The ankyloblepharon-ectodermal defects-cleft lip and palate (Hay-Wells) syndrome is a rare autosomal dominant form of congenital ectodermal dysplasia. It is characterized by coarse, wiry, sparse hair; dystrophic nails; slight hypohidrosis; scalp infections; ankyloblepharon filiforme adnatum; hypodontia; maxillary hypoplasia; and cleft lip and palate. To date, 12 patients have been reported; however, the diagnosis has been questioned in 3 of these patients. We report 2 additional patients, one of whom has nasal speech but not cleft palate, in contrast to all other reported patients. This entity must be distinguished from numerous other forms of ectodermal dysplasia, especially those forms that can be associated with oral clefts and/or ankyloblepharon.

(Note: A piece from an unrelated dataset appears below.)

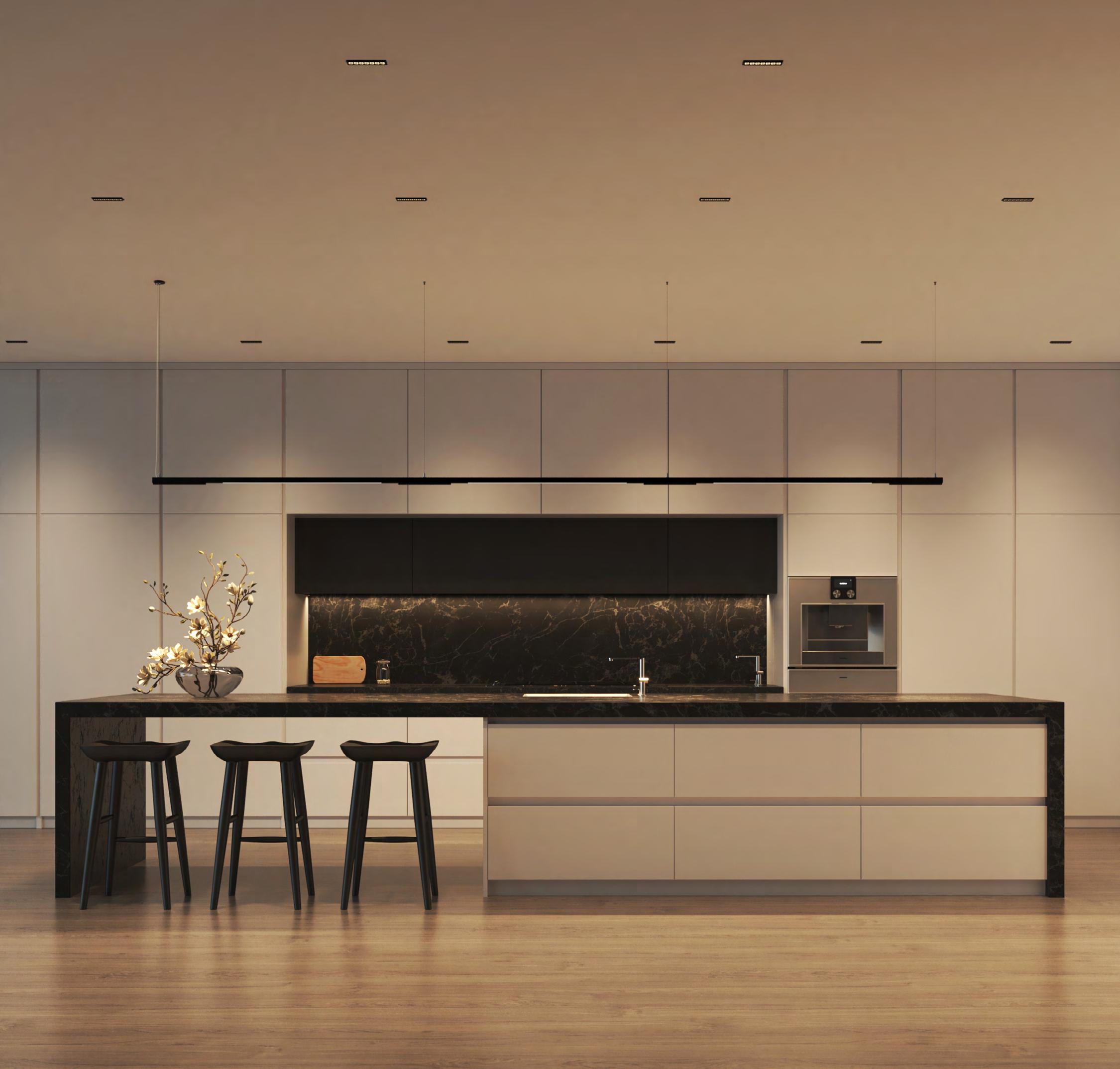 As the central hub of activity, the kitchen island demands lighting that’s both functional and visually refined. From food prep to casual dining, the right lighting elevates the entire kitchen experience. Whether your design leans toward downlighting, suspended fixtures, directional accents, or ambient glows—Luminii has a solution. For a clean, modern look, we recommend the barely-there Stenos micro-optics downlight range, offering seamless, low-profile illumination. For greater flexibility, the Stenos micro-optics Suspended Track system includes directional and ambient options, plus track heads for targeted light. With infinite track shapes and lengths, Stenos adapts beautifully to any kitchen layout.
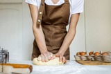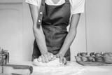 A woman in a special apron cooks at home. Rolling out and preparing dough for baking.

睑缘粘连-外胚层缺陷-唇腭裂(海-韦氏)综合征是一种罕见的常染色体显性先天性外胚层发育不良形式。其特征为毛发粗糙、硬且稀疏;指甲营养不良;轻度少汗;头皮感染;先天性丝状粘连性睑缘粘连;牙发育不全;上颌骨发育不全;以及唇腭裂。迄今为止,已报道12例患者;然而,其中3例患者的诊断受到质疑。我们报告另外2例患者,其中1例有鼻音但无腭裂,这与其他所有报道的患者不同。该病症必须与众多其他形式的外胚层发育不良相区分,尤其是那些可能与口腔裂隙和/或睑缘粘连相关的形式。